As many as 21 States/UTs have developed and operationalized State Indicator Frameworks, an important first step. Twelve states have even developed District Indicator Frameworks. This has not yet been done in Meghalaya. At least it has not been uploaded by the Planning Department, which is the nodal SDG cell for the state, according to the Meghalaya state portal.
The chief minister on Aug 20, 2020, put this on his Facebook page, “Launched the SDG #Meghalaya Application today. This app will help us align our development priorities with Sustainable Development Goals for the State and will enable us to collect data right from the village and grassroot level.”
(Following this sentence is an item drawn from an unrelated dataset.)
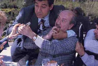 Todos ellos comparten escenas al más puro estilo Berlanga: planos secuencia, diálogos sobre diálogos sobre diálogos, desbarajuste, mil cosas ocurriendo a la vez… Los años han pasado, pero Moros y cristianos sigue siendo una absoluta gozada a todos los niveles. Quizá le falta un poquito de mala leche, pero bastante demostró ya el director en El verdugo o Plácido: también los magos de la socarronería merecen un descanso de vez en cuando contando historias más sencillas.

Apart from such bland announcements and routine exercises, the push to reaching the SDG targets is a non-starter. Already at the bottom of the heap in almost all social indicators, this desultory attitude portends tragedy for the people of Meghalaya.
A key strategy of the SDG approach is partnerships, emphasised most strongly by NITI Aayog. The government is not expected to do everything on its own. There are specific recommendations for collaboration with the private sector and community organizations. This convergence could be a winning formula for the SDGs in Meghalaya.